Cependant, j’avais édité quelques petites annonces, histoire de
voir, et me fournir un petit frisson gratuitement. Vous avez bien
pu voir que ces petites annonces sont essentiellement masculines
et que ne pouvais pas entretenir un grand espoir de recevoir des
réponses sérieuses.
Et Vanda me répondit un jour ! Une réponse assez banale ma foi où
elle me répondit que mon annonce l’avait touchée et qu’elle souhaitait
faire plus ample connaissance avec moi. Ainsi commença un échange
épistolaire où je me découvrais rapidement. Vanda resta plus évasive
: je su qu’elle avait une trentaine d’années, qu’elle était dominatrice
et qu’elle avait eu déjà des expériences réelles. Je lui dévoilais
mes fantasmes, et je lui indiquais que pour moi une relation de
soumission se devait d’être totale, le soumis étant en permanence
à la disposition de sa maîtresse, tout dévoué à son service et à
son plaisir. Mais en ce qui me concerne, ma situation familiale,
mais aussi ma peur m’empêcheraient toujours d’aller aussi loin.
Je pensais que ces révélations feraient fuir Vanda, mais non, elle
a continué à converser, apparemment intéressée par mes déclarations.
Je lui racontais tous mes soucis, mes tracas et elle y répondait
en me rassurant ; elle devenait presque un guide spirituel.
Et puis un jour, elle m’apprit qu’elle allait venir dans ma région
et qu’elle aimerait bien me rencontrer. Elle me fixa rendez-vous
dans une petite auberge pour un repas ”sympa”. Je lui répondais
rapidement que ce serait pour moi un véritable plaisir de la rencontrer
et que je serais au rendez-vous. Elle m’a répondu alors que le plaisir
serait d’autant plus grand si nous jouions un peu. Elle trouvait
toujours très amusant de voir quelqu’un se tordre avec une envie
pressante en ne pouvant pas se libérer. Elle apprécierait particulièrement
si je buvais 2 litres d'eau dans la matinée avant de la rejoindre,
sans satisfaire mes besoins de toute la matinée bien sûr.
C’est
avec beaucoup d’émotion que je me levais ce matin-là.
Je me demandais si je devais boire tôt le matin ou attendre la fin
de matinée.

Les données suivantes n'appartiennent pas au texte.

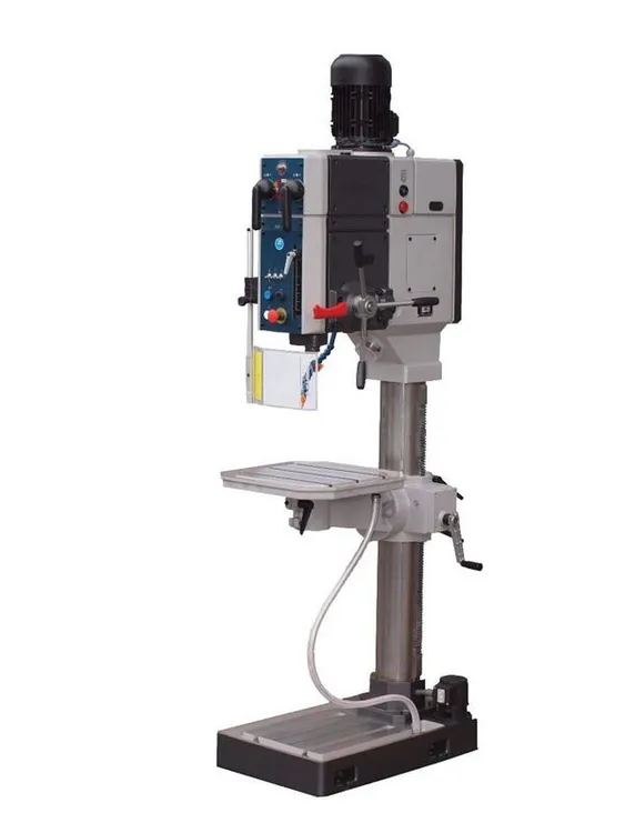 Clausing Iberdrill 27.56” Floor Drill Press Gear Head Drive, Adjustable Work Table and Base, 158 – 2222 RPM by 9 speed gear box, 2.95” diameter quill, 4MT taper spindle, mechanical clutch quill feed, 3 hp spindle motor, 1.57” drill capacity steel, 230/460 volt 3 Phase voltage

Je me décidais pour boire un litre dès le matin avec
mon café, et boire ensuite le reste petit à petit. Vers 10 heures
trente, j’avais tout bu. Il n’était pas midi que j’avais déjà envie
d’uriner. Cependant, j’avais donné ma parole que je me retiendrais
et je voulais donner bonne impression à maîtresse Vanda, je crois
que je pouvais l’appeler comme ça maintenant.
Elle m’avait donné rendez-vous à 12H30 dans le hall d’accueil. Elle
serait habillée d’un tailleur beige. A mon arrivée, effectivement,
je trouvais une jeune femme d’environ 35 ans, svelte, assez grande,
environ 1m70, très brune avec les cheveux coupés très courts. Le
détail le plus remarquable était ses talons hauts de grande taille.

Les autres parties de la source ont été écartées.